Material provided:
★ ★ ★
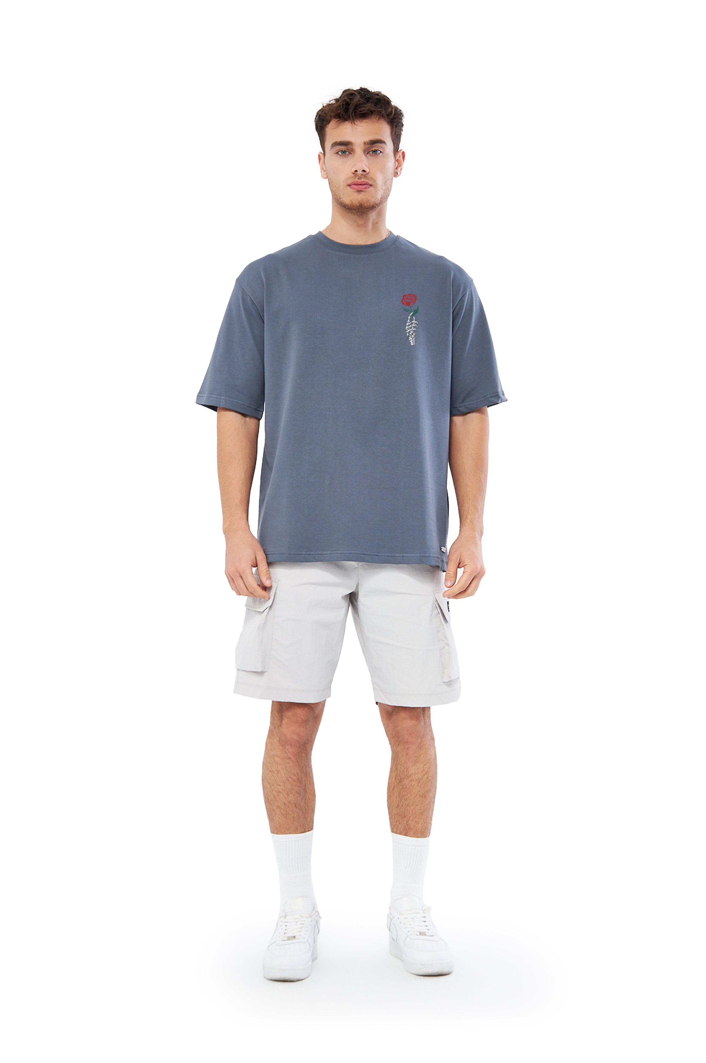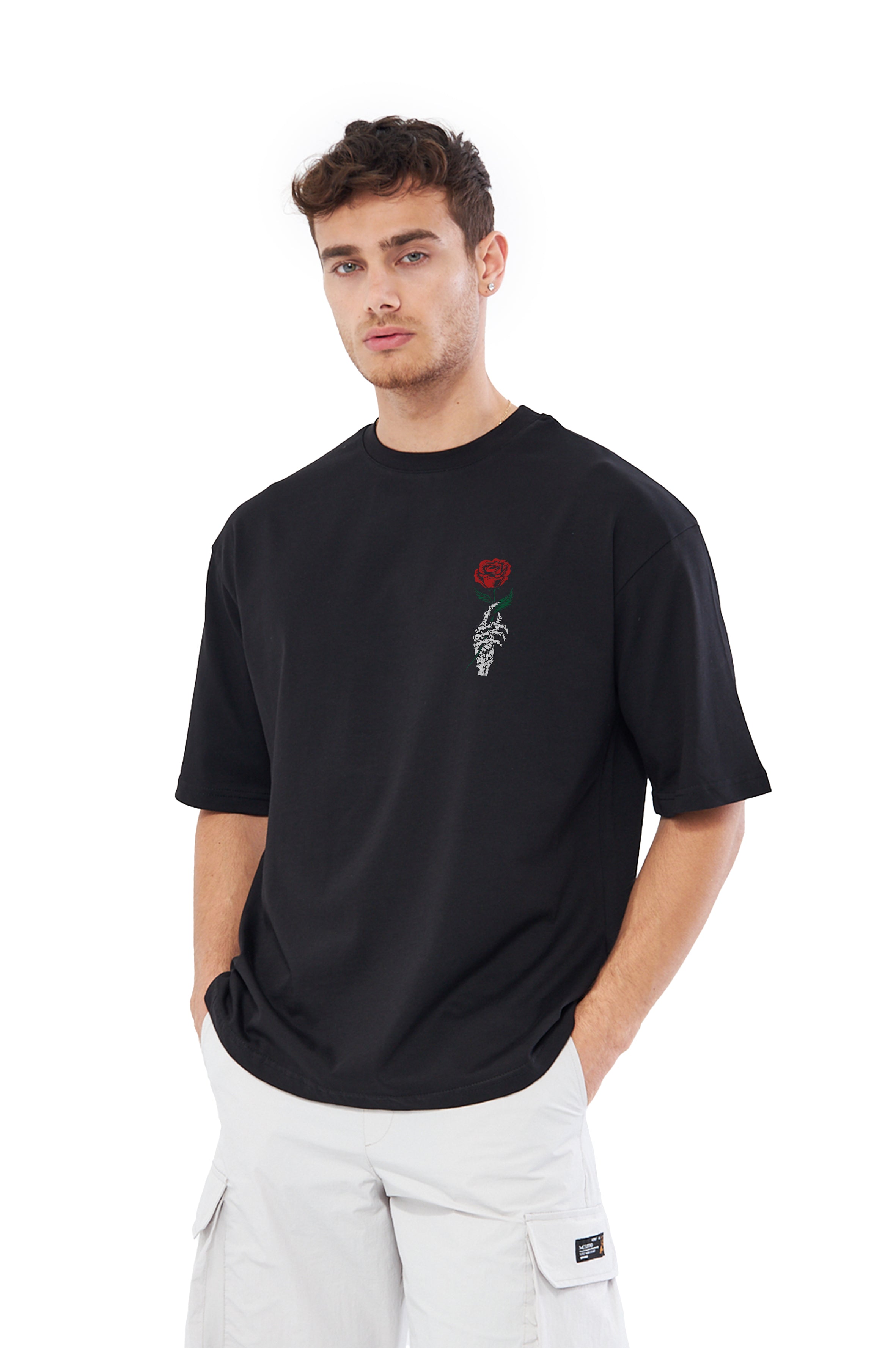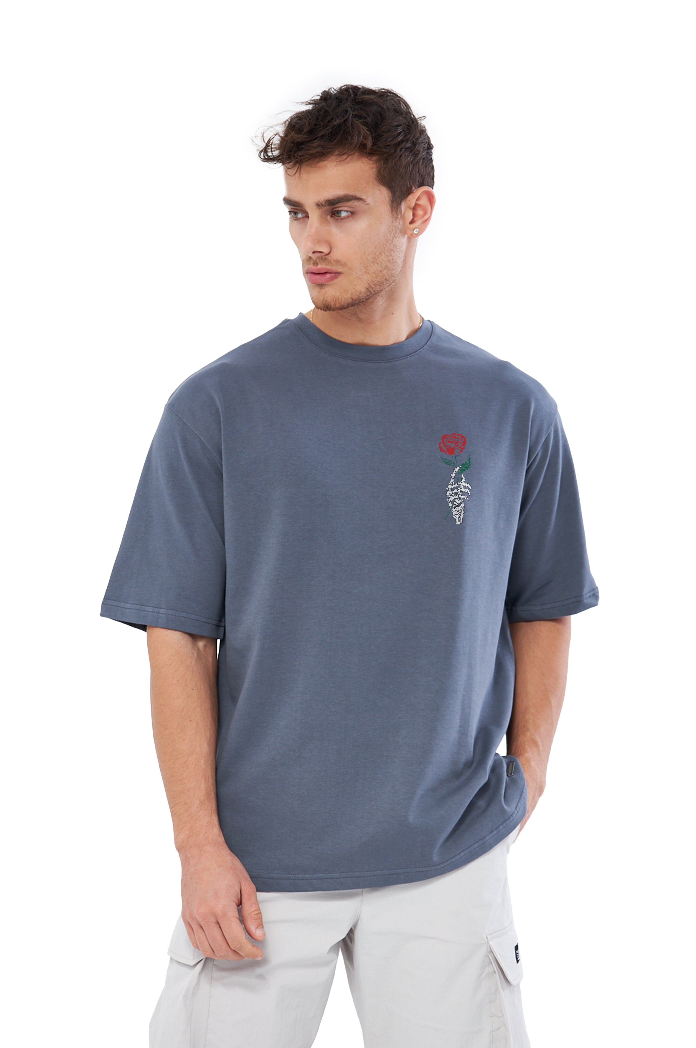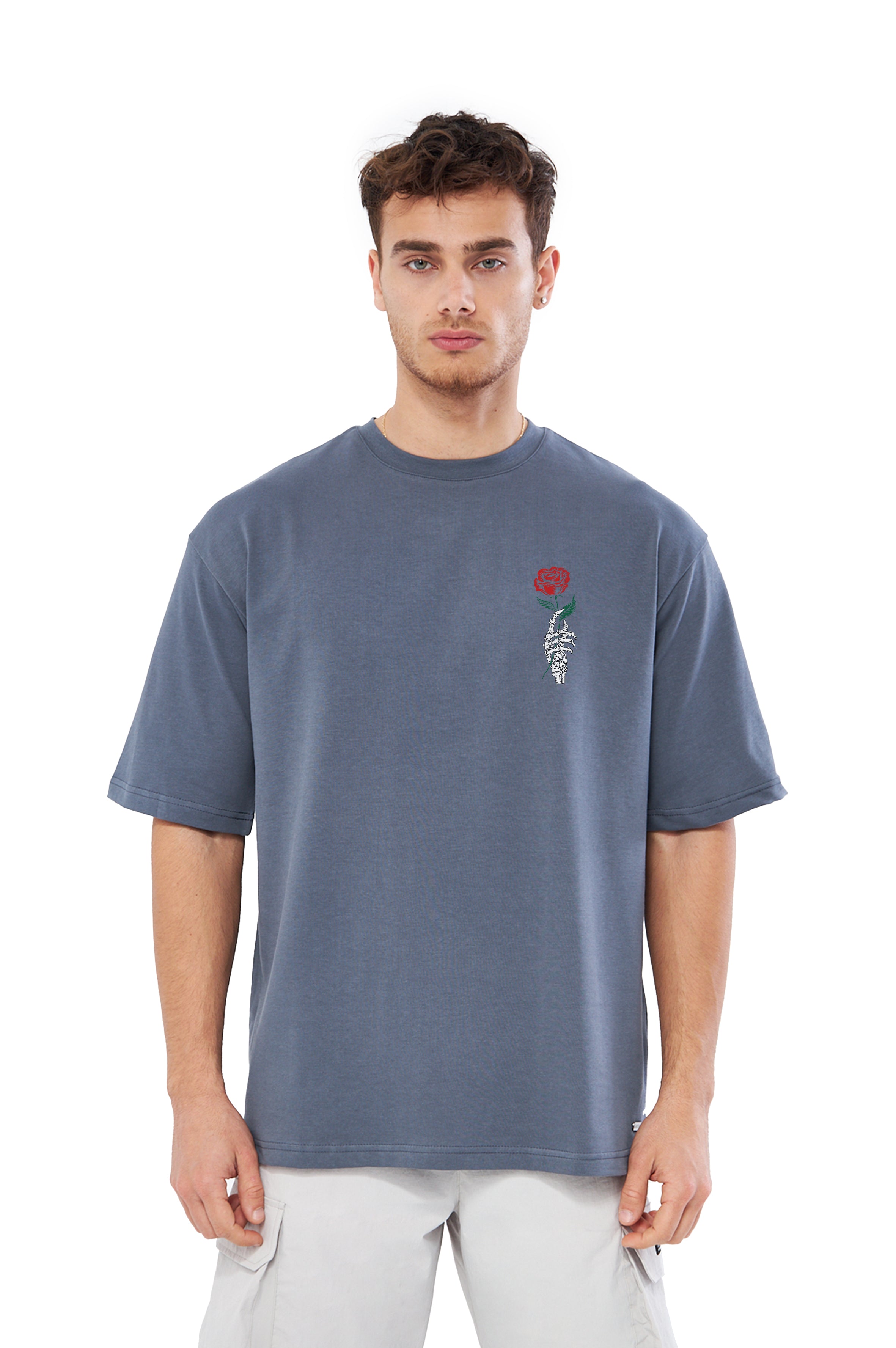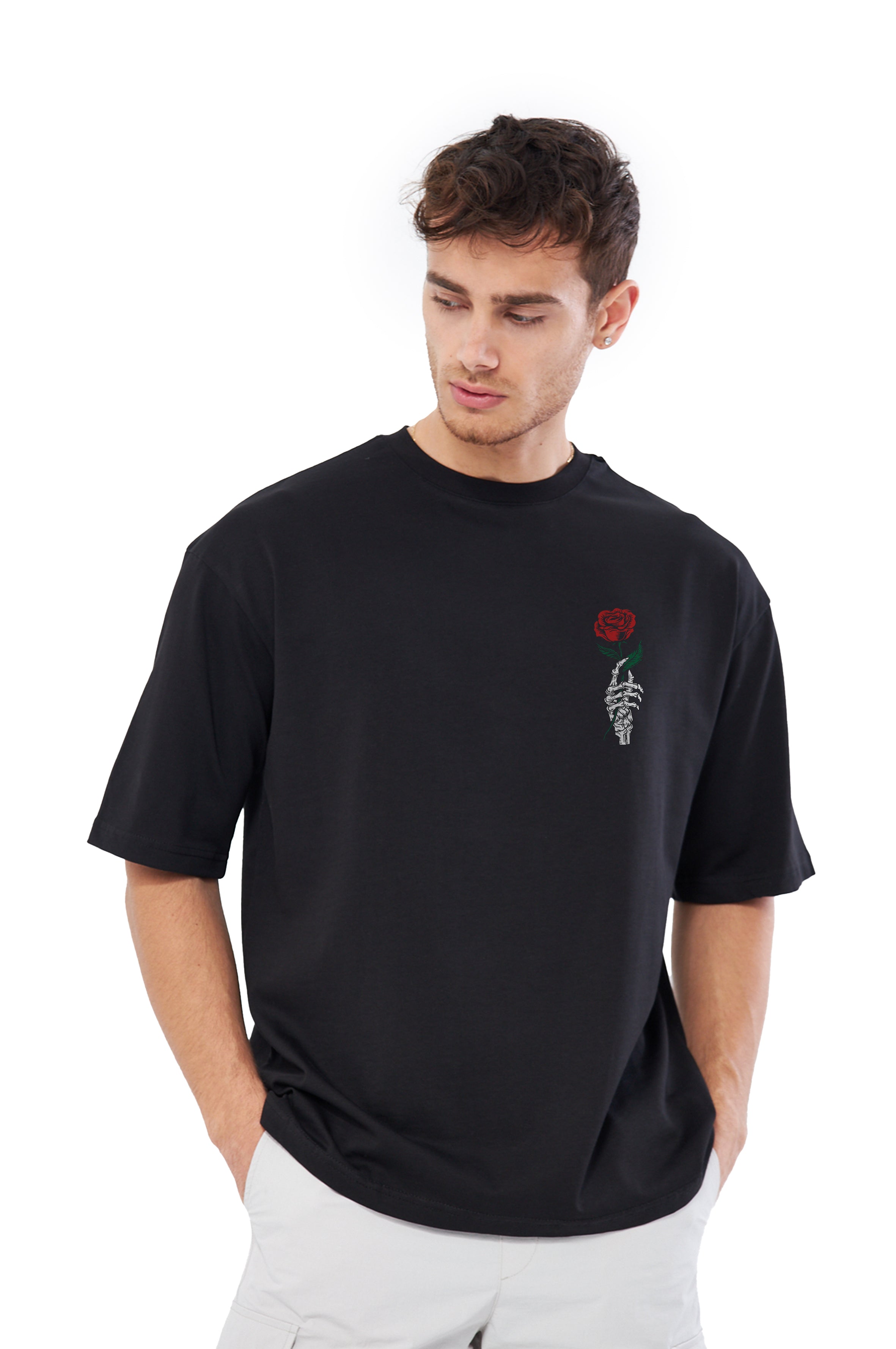 Mesfeno Men’s Skeleton Flower Printed Oversized T-Shirt – 100% Cotton, Organic Heavyweight Fabric
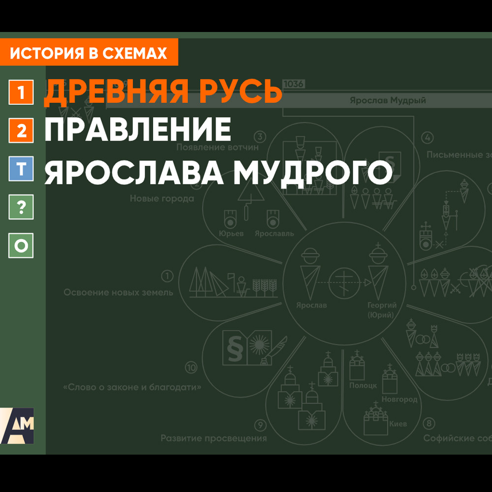 Интерактивная схема - Правление Ярослава Мудрого Схема для объяснения сложных вопросов курса истории. Может использоваться в статичном и интерактивном форматах.
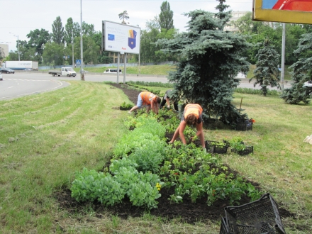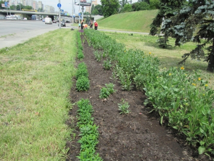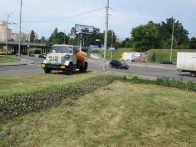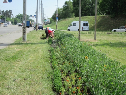 Планова посадка квітів на транспортній розв’язці на перехресті Кільцевої дороги та проспекту Перемоги
★ ★ ★
To do: The line containing "Интерактивная схема - Правление" marks the end: retype every line from the first one in the listing up to and including it, without pictures.

Task answer:
 Mesfeno Men’s Skeleton Flower Printed Oversized T-Shirt – 100% Cotton, Organic Heavyweight Fabric
 Интерактивная схема - Правление Ярослава Мудрого Схема для объяснения сложных вопросов курса истории. Может использоваться в статичном и интерактивном форматах.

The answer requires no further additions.